Once in a while we suffer a singular, difficult experience that causes us to question the life we live. Things can be motoring on well until this one event – a financial difficulty, a death, an injury - seems to change everything and cause us to question the things that we took for granted. We can be at a loss like we have never been before, vulnerable like we wouldn’t have thought possible. And we can feel like there are changes that need to be made, but powerless to make them in our sadness and dejected state.


One of the common elements of this is feeling like we are the only ones suffering. We see people on the street going about their lives and they seem untroubled. They shop, they drive and they do the things that just seem too hard for us to do for us in this state of loss. They don’t seem afflicted with what is happening to us and it can seem that we are only the ones that are suffering, the only ones who have ever truly suffered, the first in the world to really feel loss.

The truth is that these sorts of distressing events happen once in a while to almost everyone. Our nature is often to keep this deep loss private from strangers, to turn in on ourselves and keep it close to our chests.
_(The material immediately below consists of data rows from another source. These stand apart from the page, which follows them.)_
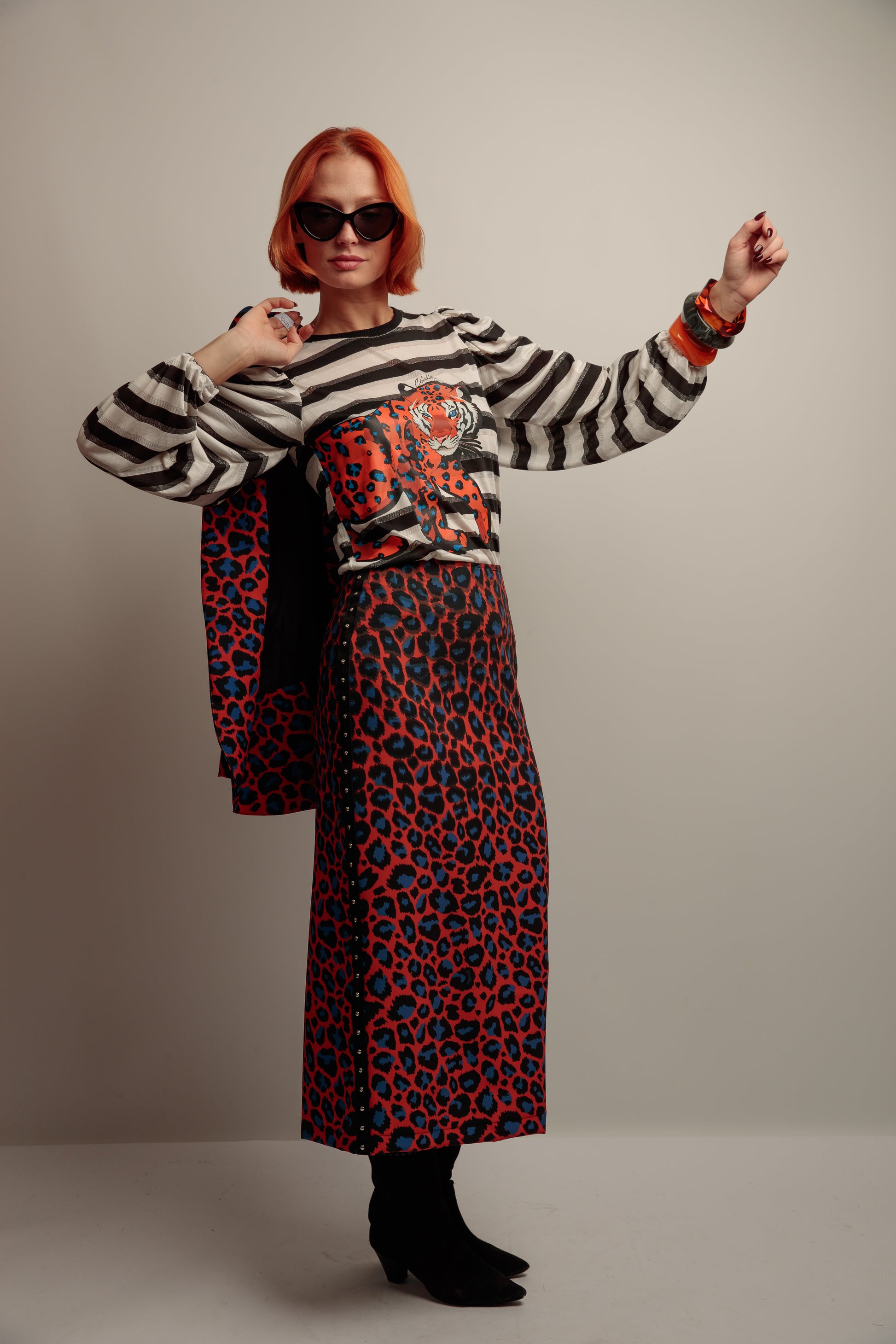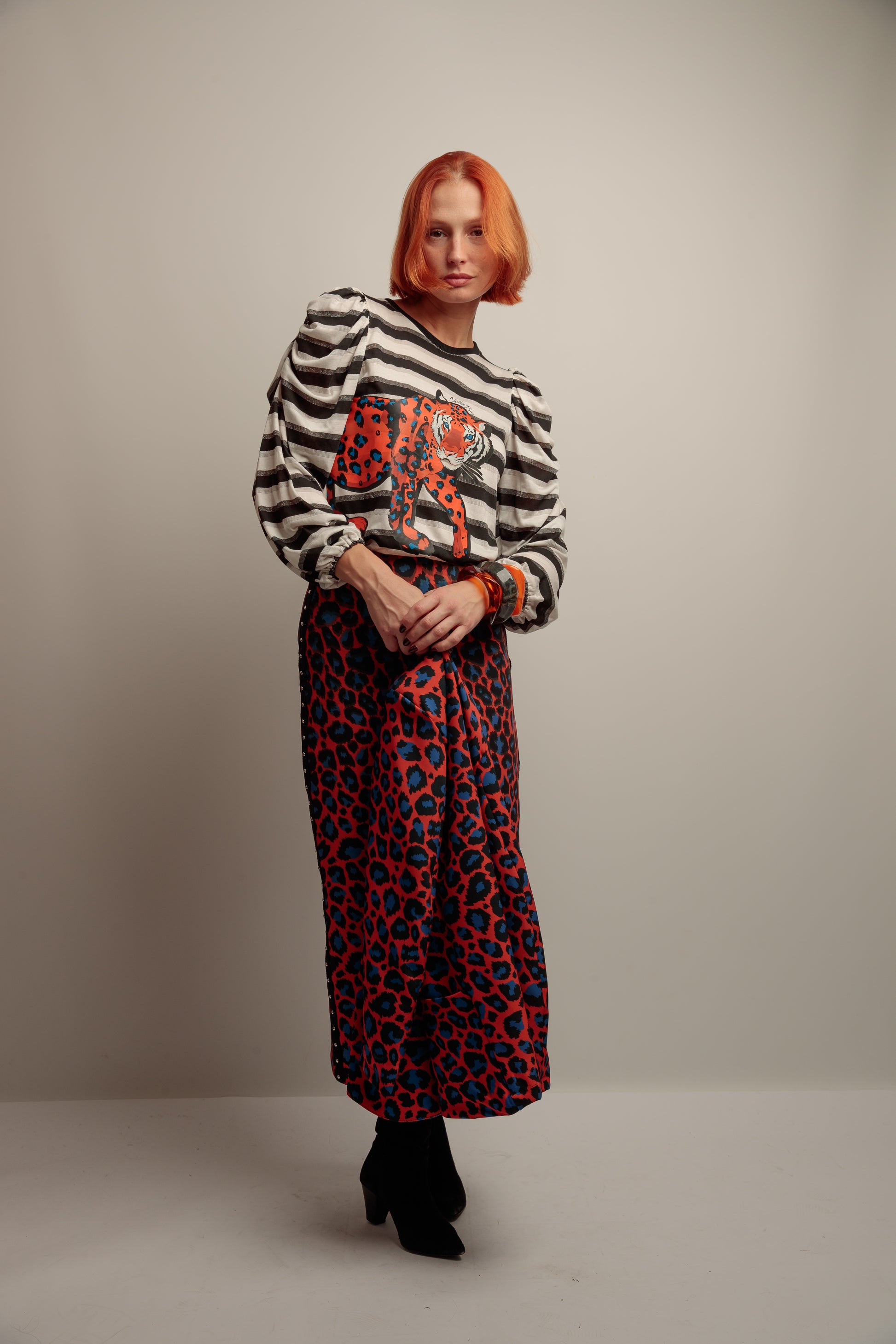 Camiseta de algodón con cuello redondo, corte evasé y bajo asimétrico. Detalle de manga larga abullonada con goma en el puño. Confeccionado en tejido algodón de rayas en color blanco y negro con hilatura de lurex color plateado. Estampación frontal a contraste. Confeccionado en Vigo.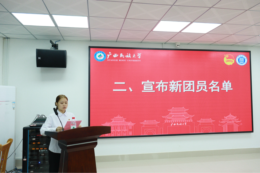 入团仪式在激昂的国歌声中拉开序幕,全体师生庄严肃立,唱响国歌。随后,学院团委学生副书记余春勤同学宣读新团员名单。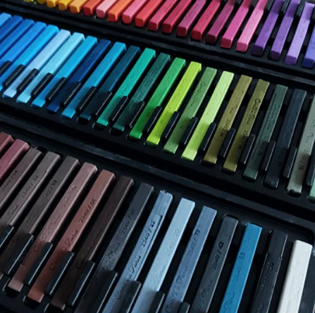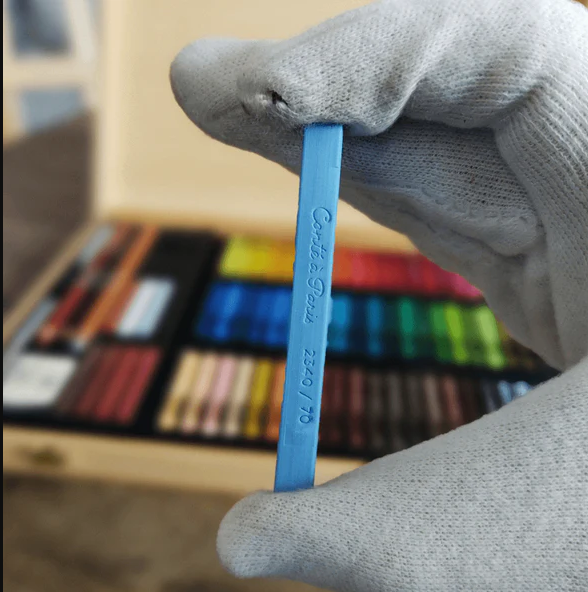 Beautiful wooden box with all colours Conte Carre hard pastels. In addition, there are 3 pastel pencils, an eraser and 2 feathers in this box.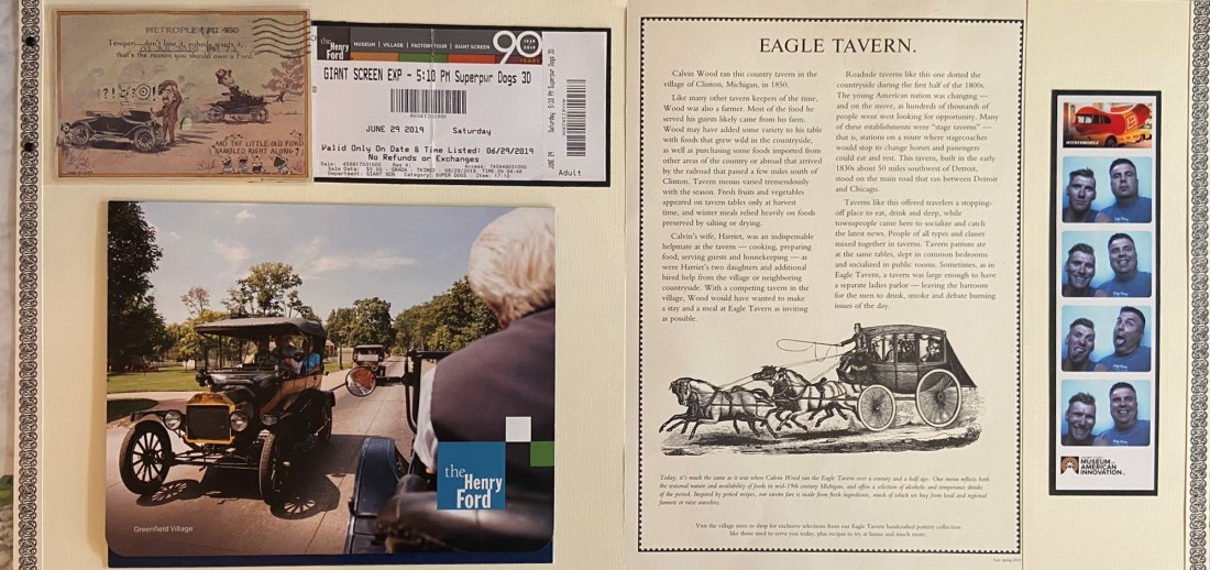 I collected a lot of ephemera on our two-day experience at the Henry Ford complex. Not all of it could fit on the previous pages that I created of this adventure, but I wanted to make sure that they were kept in the scrapbook along with the other pages. So, I created a set of pages dedicated to this collection.

We may put on a face of stoicism, of grim undertaking but this can seem like boredom or displeasure to those looking at us. For all we know, those that we see going about their lives have suffered even more than us but keep this to themselves, except perhaps for the times they are in private or with loved ones.

However, when we don’t feel that others understand what we are going through, our feelings seem solitary, unique and strange to us.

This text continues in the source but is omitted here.